Effect of Coulomb repulsion on the London penetration depth in cuprate superconductors

TL;DR

This paper investigates how Coulomb repulsion affects the London penetration depth in cuprate superconductors, showing that including Coulomb interactions improves agreement with experimental data.

Contribution

It demonstrates that accounting for Coulomb interactions within the spin-fermion model enhances the theoretical match to experimental penetration depth data in cuprates.

Findings

Coulomb interactions improve the theoretical fit to experimental data.

Including Hubbard U_p and V_2 interactions aligns calculations with observations.

The model explains the temperature dependence of the penetration depth.

Abstract

We study the effect of Coulomb repulsion between oxygen holes on the London penetration depth $\lambda$ based on the concept of spin-polaron nature of Fermi quasiparticles in cuprates superconductors.

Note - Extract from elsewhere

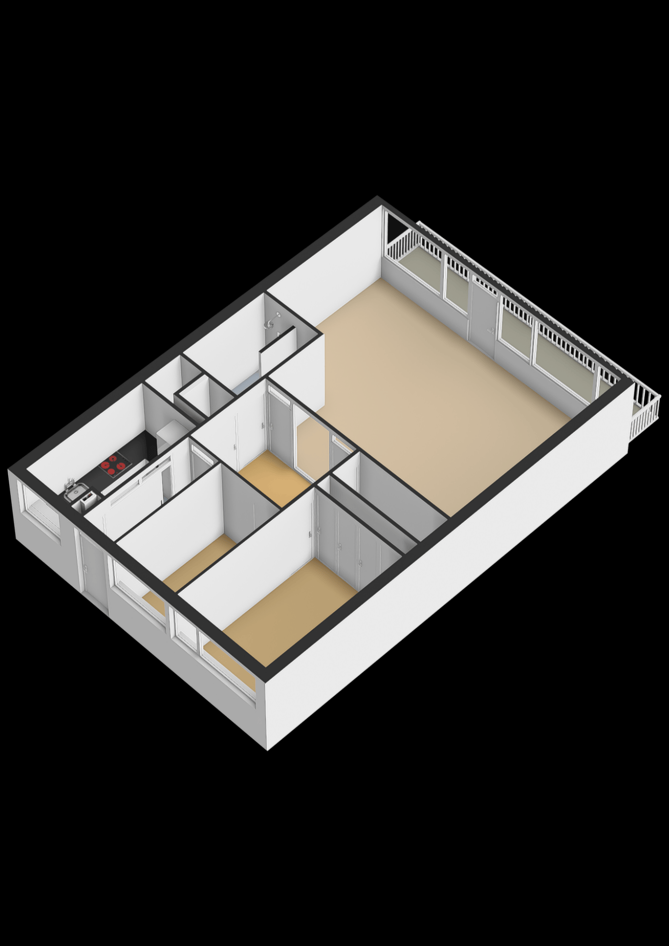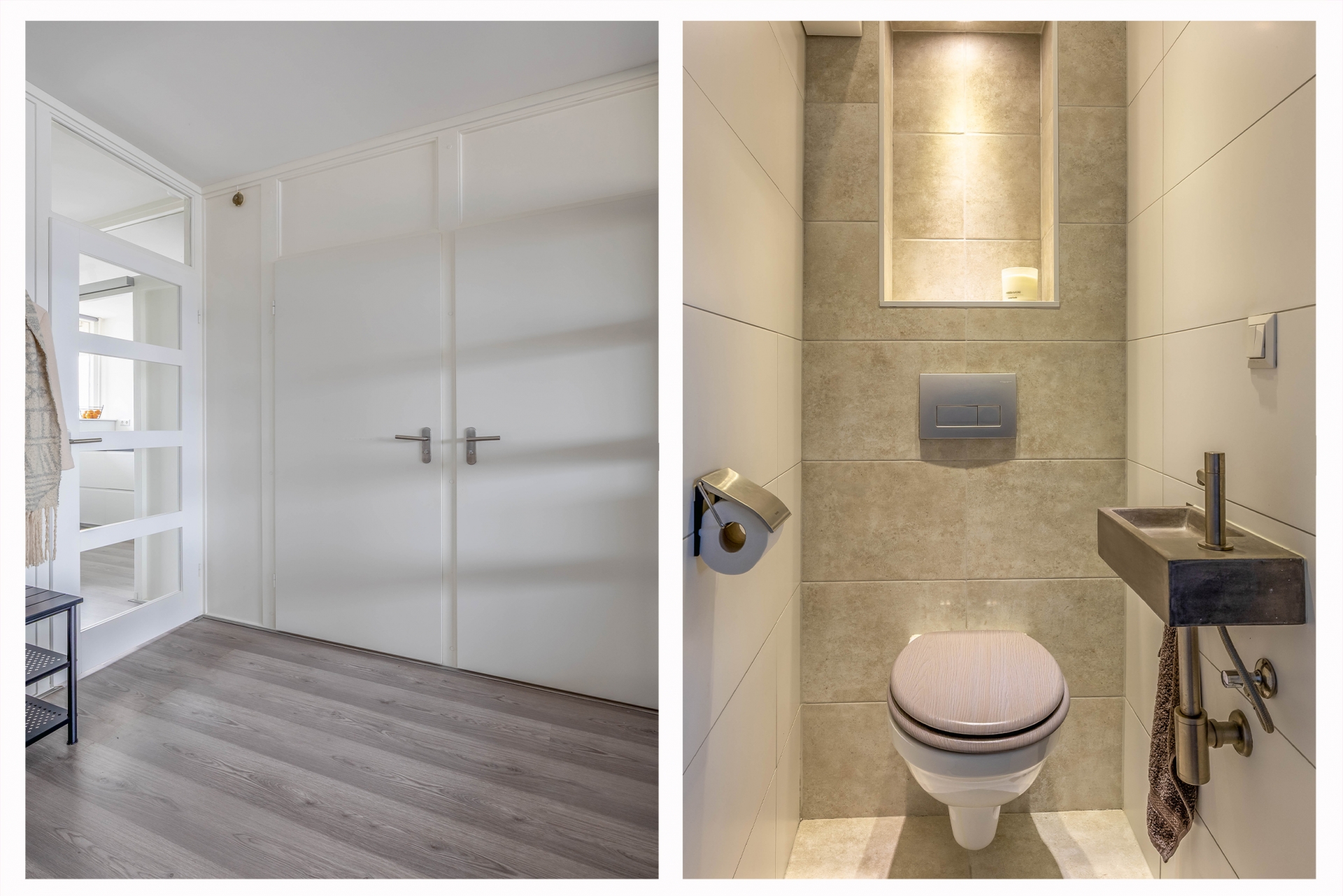 Het appartement beschikt over twee slaapkamers aan de voorzijde, van circa 6 m² en 10 m². De grootste kamer heeft bovendien een praktische vaste kast. In de hal bevindt zich nog een extra berging, waardoor je aan opbergruimte geen gebrek hebt.

It is shown that for the generally accepted values of the parameters of the spin-fermion model, taking into account the Coulomb interaction, both the one-site Hubbard $U_p$ and interaction between the holes on next-nearest-neighbor oxygen ions $V_2$, allows one to achieve a much better agreement of the calculated temperature dependencies of the value $\lambda^{-2}$ with the experimental data in La$_{2-x}$Sr$_{x}$CuO$_4$ in a wide range around optimal doping.